Abstract
Metabarcoding of microbial eukaryotes (collectively known as protists) has developed tremendously in the last decade, almost uniquely relying on the 18S rRNA gene. As microbial eukaryotes are extremely diverse, many primers and primer pairs have been developed. To cover a relevant and representative fraction of the protist community in a given study system, a wise primer choice is needed as no primer pair can target all protists equally well. As such, a smart primer choice is very difficult even for experts and there are very few on-line resources available to list existing primers. We built a database listing 179 primers and 76 primer pairs that have been used for eukaryotic 18S rRNA metabarcoding. In silico performance of primer pairs was tested against two sequence databases: PR2 for eukaryotes and a subset of Silva for prokaryotes. This allowed to determine the taxonomic specificity of primer pairs, the location of mismatches as well as amplicon size. We developed a R-based web application that allows to browse the database, visualize the taxonomic distribution of the amplified sequences with the number of mismatches, and to test any user-defined primer set (https://app.pr2-primers.org). This tool will provide the basis for guided primer choices that will help a wide range of ecologists to implement protists as part of their investigations.
Introduction
Microbes are key players in all Earth ecosystems. Among them are protists that encompass all unicellular or unicellular-colonial eukaryotes excluding some fungi. Protists perform a range of functions from photosynthesis to organic matter degradation. Although some eukaryotic groups such as unicellular algae (phytoplankton) have a long tradition of being studied as key players in marine primary production, the importance of protists in other processes and other environments has only been recently recognized, for example their role in nutrient cycling in soils or the complexity of symbiotic and parasitic relationships in marine waters (Geisen et al. 2018a; Worden et al. 2015). This absence of recognition stems in part from the inherent difficulties to identify them because of the lack of morphological features as well as of the difficulty to grow them in culture. In recent years the development of metabarcoding has provided new tools to study protist roles.

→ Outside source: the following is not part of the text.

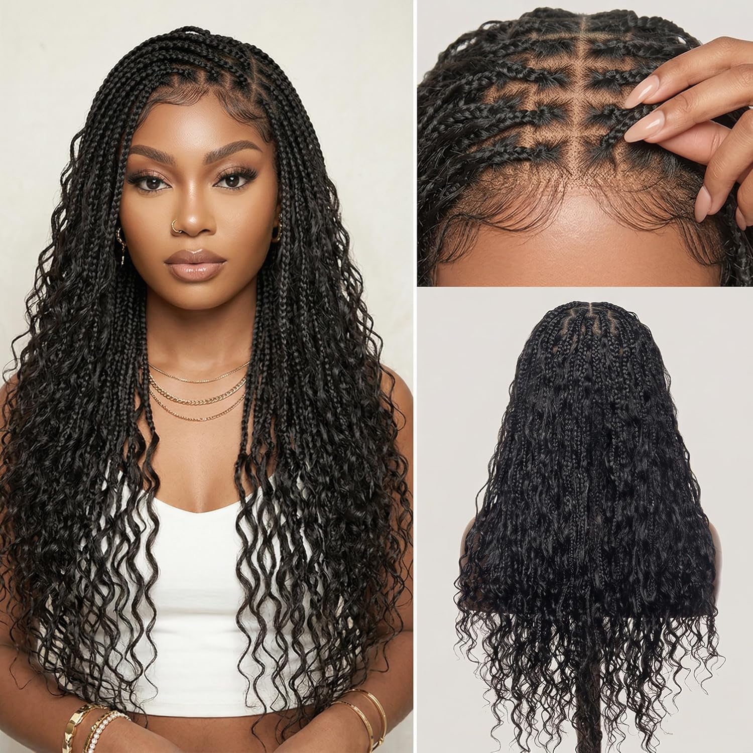 | Other Special Features of the Product | Full Lace, Human Hair Boho Curls, Knotless Box Braids, Real Swiss HD Lace, Triple Secured Wig Cap |

Metabarcoding is defined as the use of a specific marker gene to analyse the composition of natural communities in a specific environment (water, soil, animal gut, faeces, etc…). After DNA extraction, the gene is amplified using a pair of primers targeting one specific region, samples are labelled with molecular tags and the resulting DNA is sequenced using a high throughput technology, mostly Illumina currently. This approach was initially developed for prokaryotes (Sogin et al. 2006) and expanded steadily in recent years for protists. For prokaryotes, the gene most commonly used is the gene coding for the small sub-unit ribosomal RNA (SSU rRNA or 16S). SSU rRNA genes are composed of conserved and variable regions. Conserved regions can be used to design primers while variable region (V) can be used to assign taxonomy. In prokaryotes, the region targeted is very often V3/V4, although other regions have been suggested as providing better resolution (e.g. Bukin et al. 2019). For eukaryotes, earlier metabarcoding work done on microbial communities used the 18S rRNA gene (Amaral-Zettler et al. 2009; Stoeck et al. 2009), following up on what had been done using earlier cloning and Sanger sequencing approaches (López-García et al. 2001; Moon-van der Staay et al. 2001). Other genes, and in particular the mitochondrial cytochrome oxidase 1 gene (COI or cox1), have been used for Metazoa but their use is debated in particular because of the lack of universal primers (Andújar et al. 2018; Deagle et al. 2014) and the absence of this gene in lineages that have lost the mitochondrial genome (e.g. Yahalomi et al. 2020). For protists, the 18S rRNA gene appears to be most appropriate as a general marker (Pawlowski et al. 2012), although other genes such as rbcL (large unit of the RUBISCO) have been used for specific purposes such as targeting photosynthetic organisms (e.g. Pujari et al. 2019). Two variable regions of the 18S rRNA gene have been mostly targeted, V4 and V9: V4 is located in the second quarter of the 18S rRNA gene and V9 at the end of the 18S rRNA gene, near the ITS (internally transcribed spacer) region. Initially, the V4 region was favoured for 454 sequencing technology and V9 for Illumina which was then restricted to 2×75 bp. However with the development of the Illumina MiSeq (up to 2×300 bp), the V4 region is now preferred, in particular because it is longer, more variable, and better covered in reference databases (Pawlowski et al. 2012).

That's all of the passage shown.